On the morning of 28 July 2023, Chinese human rights defender and lawyer Lu Siwei was detained by the authorities in Laos at the Thanaleng railway station near the Lao-Thai border, as he was about to board a train to Thailand where he was scheduled to take a flight to the United States to reunite with his family. On 31 July 2023, he has been transferred to and kept at a Department of Immigration facility, which strongly suggests he is facing imminent deportation.

Download the Urgent Appeal.

Before his arbitrary disbarment in 2021, Lu Siwei (卢思位) was a human rights lawyer based in Chengdu, in the Sichuan province. He provided legal assistance to victims of human rights violations. His work focused on human rights issues such as freedom of expression, enforced disappearances, arbitrary detention, torture, forced eviction, and demolition of personal properties. In recent years, he defended other human rights lawyers who were prosecuted and imprisoned on “national security” charges, advocated for an independent investigation into the torture of human rights lawyers during the 2015 “709” crackdown, and provided legal representation to activists who faced prosecution for commemorating the lethal 1989 crackdown on pro-democracy protesters in Beijing.

According to Lu Siwei’s family in the US, the human rights defender holds a valid Chinese passport with valid visas for both Laos and the US, where his wife and daughter now live after leaving China in 2022. In May 2021, immigration officers at the Shanghai Pudong Airport stopped Lu Siwei from boarding his flight to the United States, where he was due to participate in a fellowship programme.

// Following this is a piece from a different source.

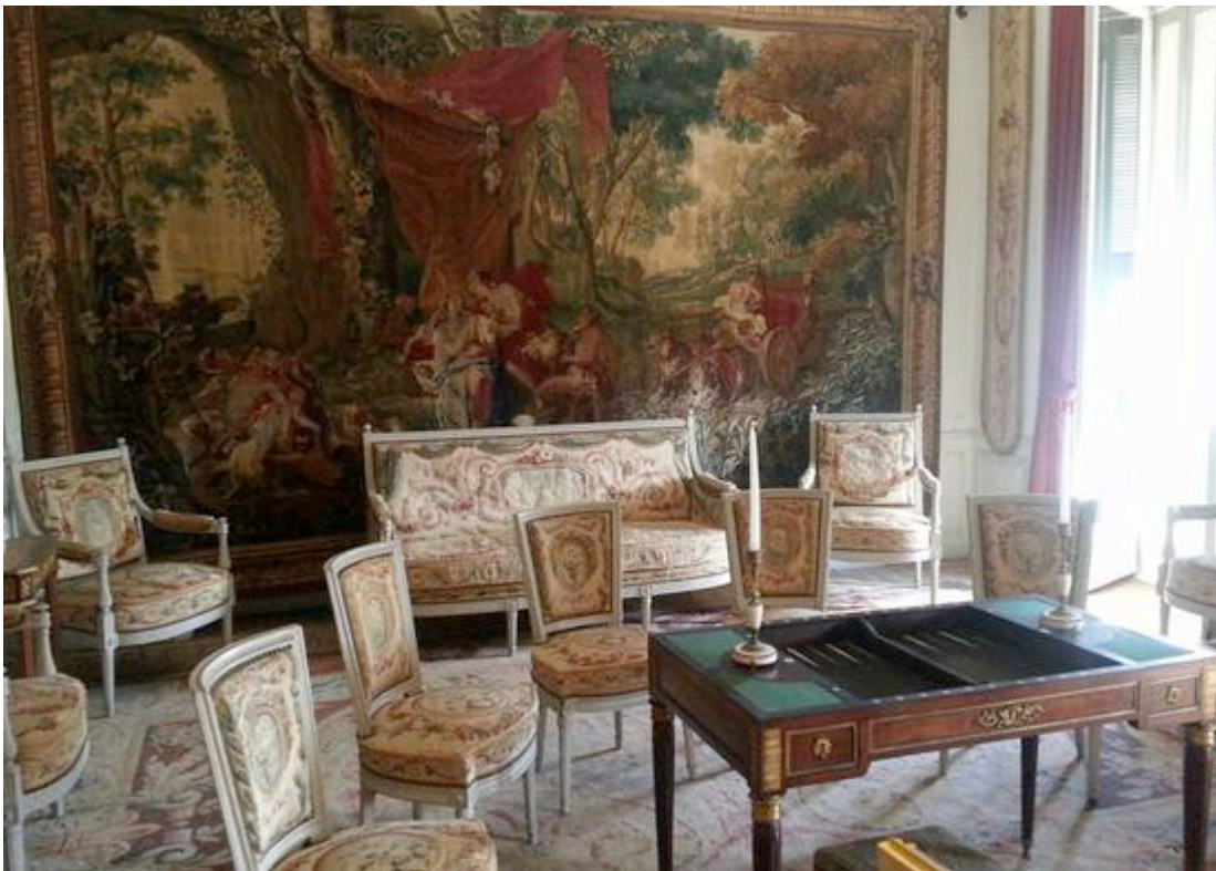
Le salon des tapisseries de la Villa Ephrussi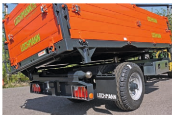
Starke Kugel-Kipplager mit integrierten Kippmatik (Patentiert)

The officers informed him that an exit ban had been imposed against him on “national security” grounds. Since the imposition of his exit ban, the human rights defender continued to face regular surveillance and harassment.

In January 2021, the Sichuan Provincial Judicial Department formally revoked Lu Siwei's lawyer's license in retaliation against his peaceful human rights activities. The revocation of his license came shortly after Lu Siwei’s attempt in the fall of 2020 to provide legal representation to one of the 12 Hong Kong youth activists who were intercepted by mainland Chinese authorities in August 2020 while fleeing to Taiwan by boat. The authorities refused to allow Lu Siwei to meet his client and repeatedly threatened him in a bid to force him to abandon the case.

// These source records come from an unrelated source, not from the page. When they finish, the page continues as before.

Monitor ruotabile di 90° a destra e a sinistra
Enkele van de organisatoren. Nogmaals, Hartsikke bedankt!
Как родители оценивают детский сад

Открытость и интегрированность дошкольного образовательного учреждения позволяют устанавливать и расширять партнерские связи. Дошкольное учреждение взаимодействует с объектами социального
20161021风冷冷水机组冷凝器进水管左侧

Front Line Defenders is deeply concerned about the detention of human rights lawyer Lu Siwei and the possibility of his imminent deportation. Lu Siwei’s deportation back to China would add to a growing pattern of refoulement of human rights defenders from one country to another in Asia. If deported back to China, the human rights defender is likely to face reprisals, including arbitrary detention and prosecution, as a result of his human rights work. Front Line Defenders recalls that Laos is a state party to the International Covenant on Civil and Political Rights (ICCPR) and the Convention against Torture and Other Cruel, Inhuman or Degrading Treatment or Punishment (CAT), which prohibits it from returning “a person to another State where there are substantial grounds for believing that he would be in danger of being subjected to torture.”